:: Problem statement ::
Reproduce the listing that follows in full. Omit its images.

:: Dataset extract ::
· · ·

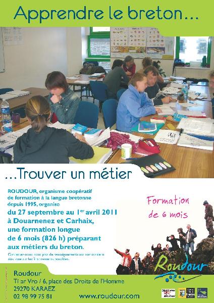 Roudour, organisme de formation en langue bretonne basé à Carhaix, proposera une formation de six mois à partir de la rentrée à Douarnenez et à Carhaix. Les deux sessions se dérouleront du 27 septembre au 1er avril 2011 et compteront 826 heures de formation
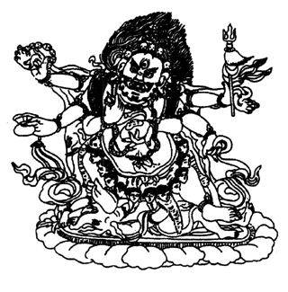藏傳佛教中有不少護法,每一尊護法各自又有不少不同形相,單只瑪哈卡那已有六臂相、四面相、四臂相及白色瑪哈卡那相等等。在西藏寺院中,都有供奉護法的傳統,但六臂相的瑪哈卡那卻與川北名剎大藏寺有更深一重的淵源。此寺院與他的密切關係非比尋常,在西藏史上尤其嘉絨一帶(現今的川北地帶)歷來傳為美談,每年更有大批、大批的遠地香客專門前往大藏寺向此護法祈求。
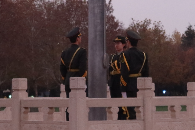 6时30分,仪式开始。国旗护卫队身着戎装,迈着整齐的步伐,护送国旗至升旗台。伴随着庄严的国歌声,五星红旗冉冉升起。全体师生庄严肃立,行注目礼。
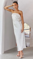 Ladies Maxi Dress – Strapless – Silky Satin – Figure-hugging – Gala Eveningwear

· · ·

:: Result of this exercise ::
 Roudour, organisme de formation en langue bretonne basé à Carhaix, proposera une formation de six mois à partir de la rentrée à Douarnenez et à Carhaix. Les deux sessions se dérouleront du 27 septembre au 1er avril 2011 et compteront 826 heures de formation
藏傳佛教中有不少護法,每一尊護法各自又有不少不同形相,單只瑪哈卡那已有六臂相、四面相、四臂相及白色瑪哈卡那相等等。在西藏寺院中,都有供奉護法的傳統,但六臂相的瑪哈卡那卻與川北名剎大藏寺有更深一重的淵源。此寺院與他的密切關係非比尋常,在西藏史上尤其嘉絨一帶(現今的川北地帶)歷來傳為美談,每年更有大批、大批的遠地香客專門前往大藏寺向此護法祈求。
 6时30分,仪式开始。国旗护卫队身着戎装,迈着整齐的步伐,护送国旗至升旗台。伴随着庄严的国歌声,五星红旗冉冉升起。全体师生庄严肃立,行注目礼。
 Ladies Maxi Dress – Strapless – Silky Satin – Figure-hugging – Gala Eveningwear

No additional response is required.